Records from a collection
---*---
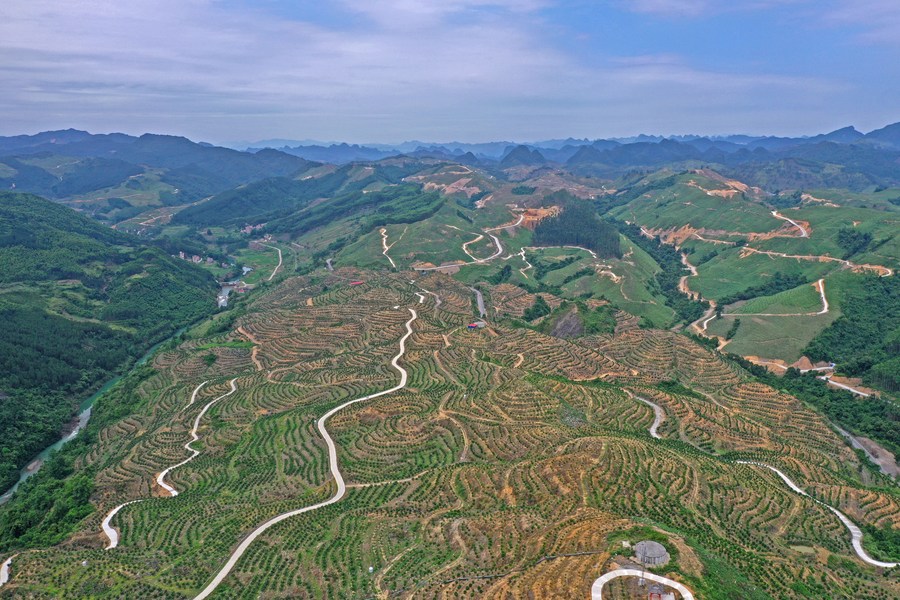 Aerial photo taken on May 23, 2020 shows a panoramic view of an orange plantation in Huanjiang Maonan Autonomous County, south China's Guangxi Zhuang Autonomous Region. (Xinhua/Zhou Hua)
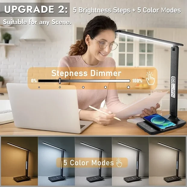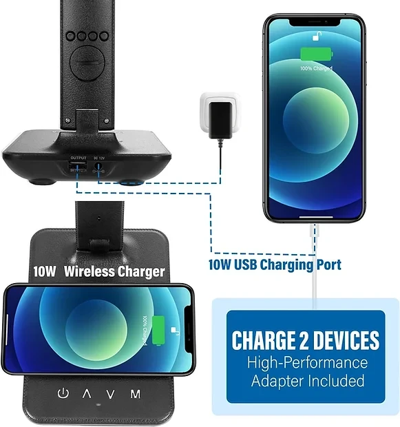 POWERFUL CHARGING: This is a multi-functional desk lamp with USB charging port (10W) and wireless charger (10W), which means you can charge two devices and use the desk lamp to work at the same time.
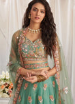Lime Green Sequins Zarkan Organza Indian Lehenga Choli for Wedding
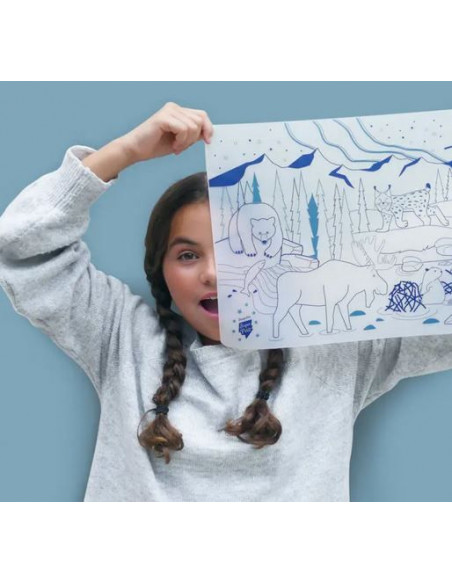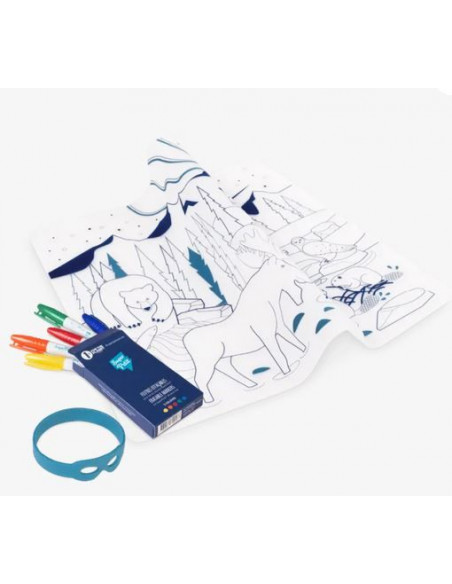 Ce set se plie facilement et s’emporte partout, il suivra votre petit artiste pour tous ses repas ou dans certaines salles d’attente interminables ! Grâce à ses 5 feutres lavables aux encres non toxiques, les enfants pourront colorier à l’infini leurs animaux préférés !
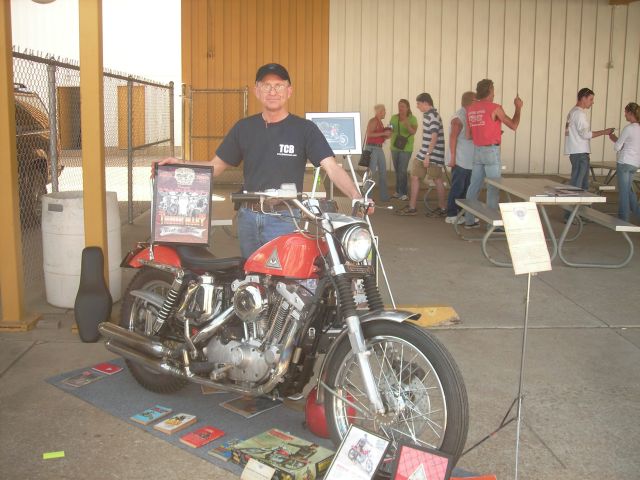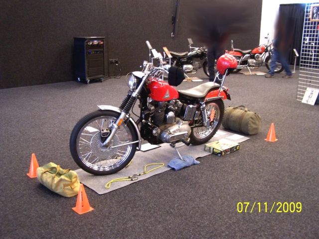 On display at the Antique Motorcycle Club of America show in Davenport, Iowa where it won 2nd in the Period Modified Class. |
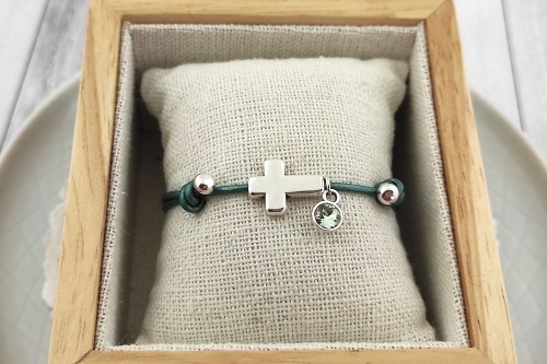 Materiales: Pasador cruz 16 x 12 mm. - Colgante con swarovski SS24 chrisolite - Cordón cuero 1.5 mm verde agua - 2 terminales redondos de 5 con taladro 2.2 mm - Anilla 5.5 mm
---*---
BRIEF. Print the records exactly, every one. Leave out the pictures.

SOLUTION TO THE EXERCISE.
 Aerial photo taken on May 23, 2020 shows a panoramic view of an orange plantation in Huanjiang Maonan Autonomous County, south China's Guangxi Zhuang Autonomous Region. (Xinhua/Zhou Hua)
 POWERFUL CHARGING: This is a multi-functional desk lamp with USB charging port (10W) and wireless charger (10W), which means you can charge two devices and use the desk lamp to work at the same time.
Lime Green Sequins Zarkan Organza Indian Lehenga Choli for Wedding
 Ce set se plie facilement et s’emporte partout, il suivra votre petit artiste pour tous ses repas ou dans certaines salles d’attente interminables ! Grâce à ses 5 feutres lavables aux encres non toxiques, les enfants pourront colorier à l’infini leurs animaux préférés !
 On display at the Antique Motorcycle Club of America show in Davenport, Iowa where it won 2nd in the Period Modified Class. |
 Materiales: Pasador cruz 16 x 12 mm. - Colgante con swarovski SS24 chrisolite - Cordón cuero 1.5 mm verde agua - 2 terminales redondos de 5 con taladro 2.2 mm - Anilla 5.5 mm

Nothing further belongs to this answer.